The political blows of that PP “big hoax” continue to ripple through Spain’s two main political parties today.
“It’s very important to remember that big lie about a big tragedy. “Much of what we hear today from the right comes from this way of understanding and doing politics,” President Pedro Sánchez said on Saturday from Bilbao, where he was attending an event to commemorate Rodríguez Zapatero’s first electoral victory.
“The greatest terrorist act not only in Spain but also in Europe, but also the greatest infamy and the greatest lie of a political leader through the mouth of José María Aznar,” Sánchez underlined.
In 2007, the Spanish justice system convicted 18 members of the jihadist cell involved in the 2004 attack. Nine were expelled from Spain after serving their sentences.
Today only three remain in prison: Jamal Zougam, Otman el Gnaoui – sentenced to 42,922 years in prison – and the Asturian miner Emilio Suárez Trashorras, who sold them the explosives.

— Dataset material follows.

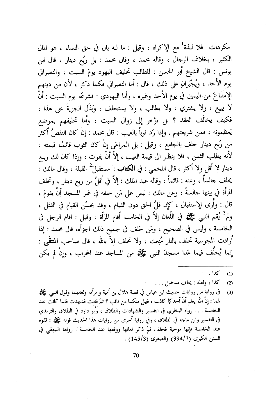 مكرهات فَلَا لَذَّة مَعَ الْإِكْرَاهِ وَقِيلَ مَا لَهُ بَالٌ فِي حَقِّ النِّسَاءِ هُوَ الْمَالُ الْكَثِيرُ بِخِلَافِ الرِّجَالِ وَقَالَهُ مُحَمَّدٌ وَقَالَ مُحَمَّدٌ بَلْ رُبُعُ دِينَارٍ قَالَ ابْنُ يُونُسَ قَالَ الشَّيْخُ أَبُو الْحَسَنِ للطَّالِب تَحْلِيف الْيَهُود يَوْم السبت وَالنَّصْرَانِيّ يَوْم الْأَحَد لِأَنَّ مِنْ دِينِهِمُ الِامْتِنَاعُ مِنَ الْيَمِينِ فِي يَوْمِ الْأَحَدِ وَغَيْرِهِ وَأَمَّا الْيَهُودِيُّ فَشَرْعُهُ يَوْمُ السبت أَن لَا يَبِيعَ وَلَا يَشْتَرِيَ وَلَا يُطَالَبَ وَلَا يُسْتَحْلَفَ وَبَذْلُ الْجِزْيَةِ عَلَى هَذَا فَكَيْفَ يُخَالِفُ الْعَقْدَ بَلْ يُؤَخَّرُ إِلَى زَوَالِ السَّبْتِ وَأَمَّا تَحْلِيفُهُمْ بِمَوْضِعٍ يُعَظِّمُونَهُ فَمِنْ شَرِيعَتِهِمْ وَإِذَا رَدَّ ثَوْبًا بِالْعَيْبِ قَالَ مُحَمَّدٌ إِنْ كَانَ النَّقْصُ أَكْثَرَ مِنْ رُبُعِ دِينَارٍ حَلَفَ بِالْجَامِعِ وَقِيلَ بَلِ الْمُرَاعَى إِنْ كَانَ الثَّوْبُ قَائِمًا قِيمَتَهُ لِأَنَّهُ يَطْلُبُ الثَّمَنَ فَلَا يُنْظَرُ إِلَى قِيمَةِ الْعَيْبِ إِلَّا أَنْ يَفُوتَ وَإِذَا كَانَ لَكَ رُبُعُ دِينَارٍ لَا أَقَلَّ وَلَا أَكْثَرَ قَالَ اللَّخْمِيُّ فِي الْكِتَابِ مُسْتَقْبِلَ الْقِبْلَةِ وَقَالَ مَالِكٌ يَحْلِفُ جَالِسًا وَعَنْهُ قَائِمًا وَقَالَهُ عَبْدُ الْمَلِكِ إِلَّا فِي أَقَلَّ مِنْ رُبُعِ دِينَارٍ وَتَحْلِفُ الْمَرْأَةُ فِي بَيْتِهَا جَالِسَةً وَعَنْ مَالِكٍ لَيْسَ عَلَى مَنْ حَلَّفَهُ فِي غَيْرِ الْمَسْجِدِ أَنْ يَقُومَ قَالَ وَأرى الإستقبال كَإِن قَلَّ الْحَقُّ دُونَ الْقِيَامِ وَقَدْ يَحْسُنُ الْقِيَامُ فِي الْقَتْلِ وَلَمْ يُقِمِ النَّبِيُّ - صَلَّى اللَّهُ عَلَيْهِ وَسَلَّم َ - فِي اللِّعَانِ إِلَّا فِي الْخَامِسَةِ أَقَامَ الْمَرْأَةَ وَقِيلَ أَقَامَ الرَّجُلَ فِي الْخَامِسَةِ وَلَيْسَ فِي الصَّحِيح وَمن حلف فِي جَمِيعِ ذَلِكَ أَجْزَأَهُ قَالَ مُحَمَّدٌ إِذَا أَرَادَتِ الْمَجُوسِيَّةُ تَحْلِفُ بِالنَّارِ مُنِعَتْ وَلَا تَحْلِفُ إِلَّا بِاللَّهِ قَالَ صَاحِبُ الْمُنْتَقَى إِنَّمَا يُحْلَفُ فِيمَا عَدَا مَسْجِدِ النَّبِيِّ - صَلَّى اللَّهُ عَلَيْهِ وَسَلَّم َ - مِنَ الْمَسَاجِدِ عِنْدَ الْمِحْرَابِ وَإِنْ لَمْ يَكُنْ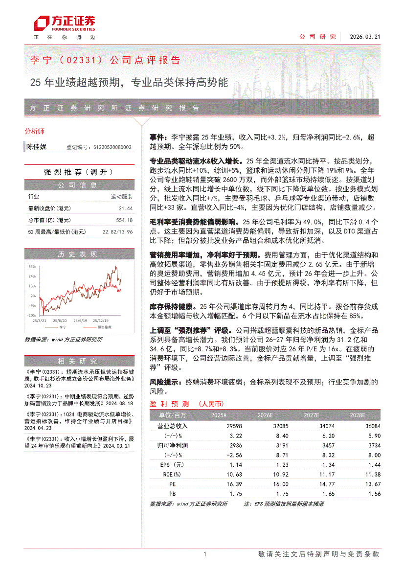 李宁:方正证券-李宁-2331.HK-公司点评报告:25年业绩超越预期,专业品类保持高势能-260321

Since the March 11, 2004 attacks, Spanish security forces have arrested 1,046 suspected terrorists
Twenty years later, former miner Suárez Trashorras asks for euthanasia. He claims that there is no possible cure for his mental health.
Eulogio Paz, Daniel’s father, hopes that his work at the victims’ association will give him respite so he can write down the dreams he has had with his son since he left. He writes them in a notebook that he keeps next to the bed, “so they don’t go away”. Eulogio saves one of the most beautiful ones: the night he dreamed of Daniele with his friends, who were flying like birds over the mountains of Madrid.
Madrid. Corresponding
Source: Clarin
Mary Ortiz is a seasoned journalist with a passion for world events. As a writer for News Rebeat, she brings a fresh perspective to the latest global happenings and provides in-depth coverage that offers a deeper understanding of the world around us.